== EXERCISE DESCRIPTION ==
Repeat the listing verbatim. Drop any pictures.

[SUPPLIED INFORMATION — start]

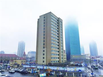 4月22日上午,记者在太平路上看到,海润大厦的周边已经被施工围挡包围,与隔壁原国风大酒店所在地连成一个工地,16层高的大楼内部已经基本搬迁一空,只剩下保安值守。
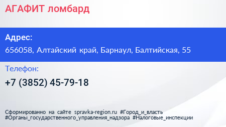 АГАФИТ, ломбард по адресу 656058, Алтайский край, Барнаул, Балтийская, 55 в дальнейшем Организация, размещена в следующих категориях:
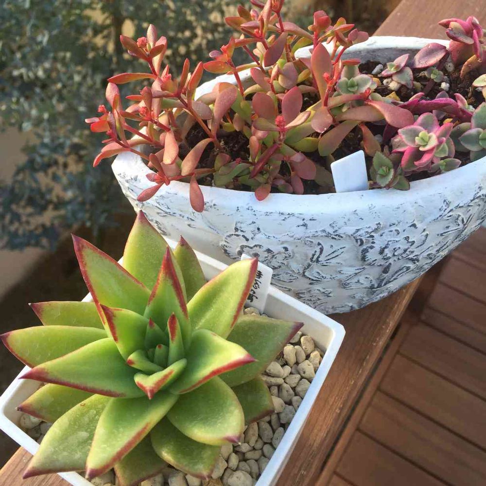 背後のクラッスラ紅稚児・ペルシダ鉢も紅葉がキレイ✨

[SUPPLIED INFORMATION — finish]

== TASK ANSWER ==
 4月22日上午,记者在太平路上看到,海润大厦的周边已经被施工围挡包围,与隔壁原国风大酒店所在地连成一个工地,16层高的大楼内部已经基本搬迁一空,只剩下保安值守。
 АГАФИТ, ломбард по адресу 656058, Алтайский край, Барнаул, Балтийская, 55 в дальнейшем Организация, размещена в следующих категориях:
 背後のクラッスラ紅稚児・ペルシダ鉢も紅葉がキレイ✨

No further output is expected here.